I’m proud to say my dog was a rescue.
He was behind this terrible fence.
In my neighbor’s yard.
{4 turtles are stuck on their backs.}
Cop: What’s going on here?
Me: Snow angel contest for free pizza.
Cop: …Who’s winning?
Me: Shredder.
Lake Superior really needs to lose the attitude.
One plain pizza plz
“Ok, one cheese pizza”
No cheese
“Um ok, sauce only”
No sauce
“But that’s just crust”
*excited quacking from trenchcoat*
Paid $50 for a device that has a motion detector that emits a sound to scare off neighbor’s cat….she’s out there rubbing up against it now
TAPE RECORDER: Your mission, should you choose to accept it
ME: *in my jammies* Mm, no.
toddler: crying (why am i up)
me: i have no idea you should be napping
toddler: (who woke me up)
me: literally nothing & no one
toddler: (why do i have to stay awake)
me: you don’t please do not
toddler: (i am stressed)
me: you could not have fewer commitments or responsibilities
[broken down submarine]
captain: we only have two hours of oxygen left
me: [holding 43 balloon animals] one hour
wife: Did you work late?
[flashback to me missing my exit because the car in front of me had Shrek on and I wanted to see the ending]
me:Yep
Zumba instructor: I’m thinking of teaching yoga too.
Me, the current yoga instructor: Namaste in your lane, Chandie.
I asked my 5yo to play a game where we see who can be quiet the longest. After a couple of seconds he whispered “this is boring” and I guess the game is over.
I don’t know who’s worse, the people who sign their cats’ names on Christmas cards, or the cats who refuse to sign.

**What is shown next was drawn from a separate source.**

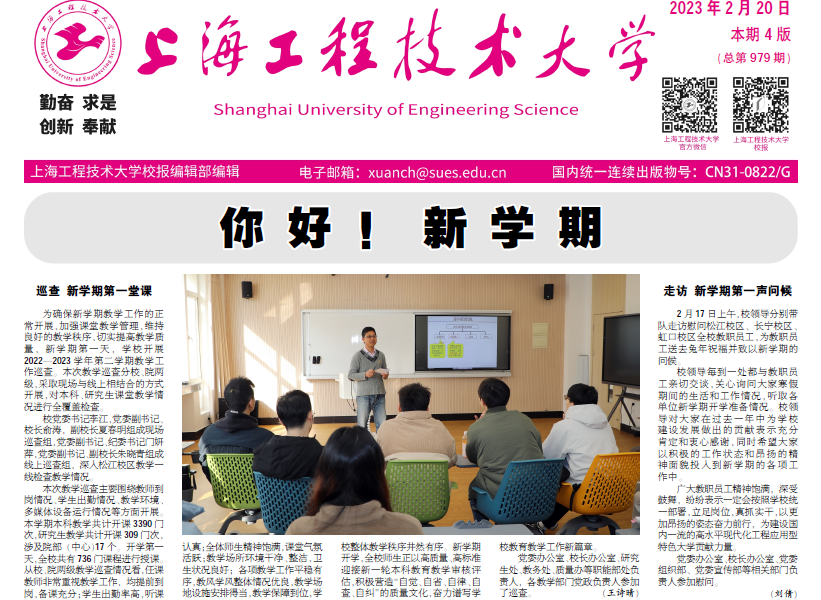 2月20日.pdf第一版你好!新学期巡查新学期第一堂课为确保新学期教学工作的正常开展,加强课堂教学管理,维持良好的教学秩序,切实提高教学质量,新学期第一天,学校开展2022—2023学年第二学期教学工作巡查。本次教学巡查分校、院两级,采取现场与线上相结合的方式开展,对本科、研究生课堂教学情况进行全覆盖检查。校党委书记李江,党委副书记、校长俞涛,副校长夏春明组成现场巡查组,党委副书记、纪委书记门妍萍,党委副书记、副校长朱晓青组成线上巡查组,深入松江校区教学一线检查教学情况。本次教学巡查主要围绕教师到岗情况、学生出勤情况、教学环境、多媒体设备运行情况等方面开展。本学期本科教学共计开课3390门次,研究生教学共计开课309门次,涉及院部(中心)17个。开学第一天,全校共有736门课程进行授课。从校、院两级教学巡查情况看,任课教师非常重视教学工作,均提前到岗,备课充分;学生出勤率高,听课认真;全体师生精神饱满,课堂气氛活跃;教学场所环境干净、整洁,卫生状况良好;各项教学工作平稳有序,教风学风整体情况优良,教学场地设施安排得当,教学保障到位,学校整体教学秩序井然有序。新学期开学,全校师生正以高质

“hey what’s that sqiggly thing on the ground?”
“i don’t know, it looks kinda like a w or m”— how the worm got its name
Me: Hey, do you want to –
My 13 Year Old: No.
Boy in the pub was telling me his job is a penguin erector so every time a plane flys over Edinburgh zoo the penguins can’t take their eyes off it and end up falling over n he just goes round picking them back up, 38 penguins 2000 flights a day
me: you ever get half way thru a sentence and completely forget what you were taking about lol
bank teller: something about a gun
You know you’re ordering too much takeout food when the delivery guy replies ” it’s me” when you ask who’s at the door.

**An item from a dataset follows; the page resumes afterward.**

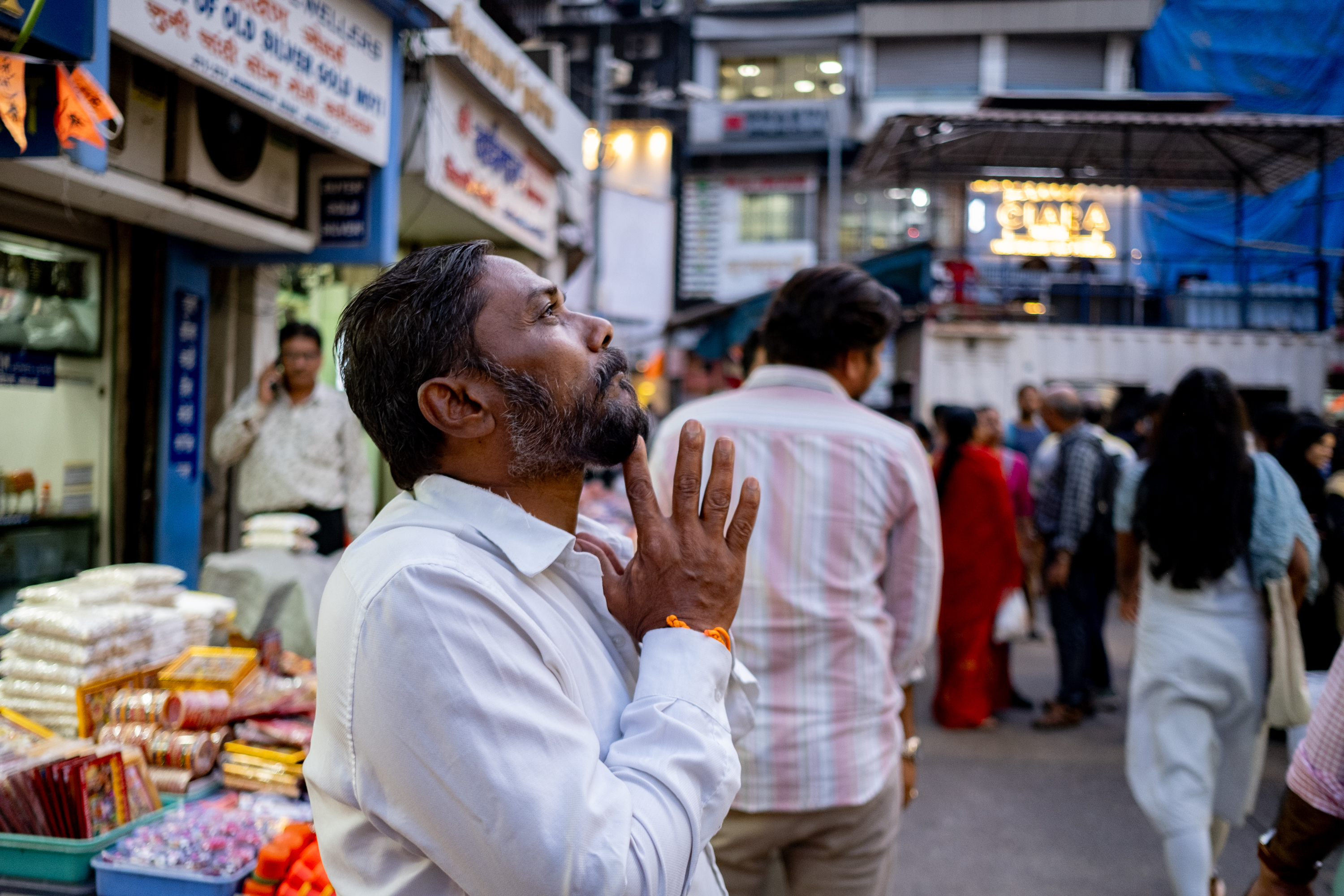 On their way to work, office goers offer a quick prayer from the street outside the temple premises.

Therapist: Why did you bring a lawyer to a therapy session?
My lawyer: You don’t have to answer that
I just heated up a delicious chocolate brownie and put some ice cream on top of it & sat on the couch to enjoy it.
Seconds later, Catherine asked Samuel if he’d like a bite on MY brownie.

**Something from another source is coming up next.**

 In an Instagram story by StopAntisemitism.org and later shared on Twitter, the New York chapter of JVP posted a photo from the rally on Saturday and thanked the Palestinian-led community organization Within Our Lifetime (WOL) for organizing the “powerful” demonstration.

I faked a smile and gave him a bite.
Soon after, she asked him AGAIN.
I have no wife.
Boy, I’m gonna treat you like a curling iron. Turn you on. Get you all hot. Forget about you. Leave for work. And burn the house down.
I bought a bag of M&M’s and they don’t have M’s anymore. They all have W’s… for woke
If anyone were to look at my bathroom they’d be positive some kind of a struggle took place.
But nope, it was just me getting ready.
The great thing about being a man who is entirely secure in his identity is that I always have enough pockets to carry spare kittens.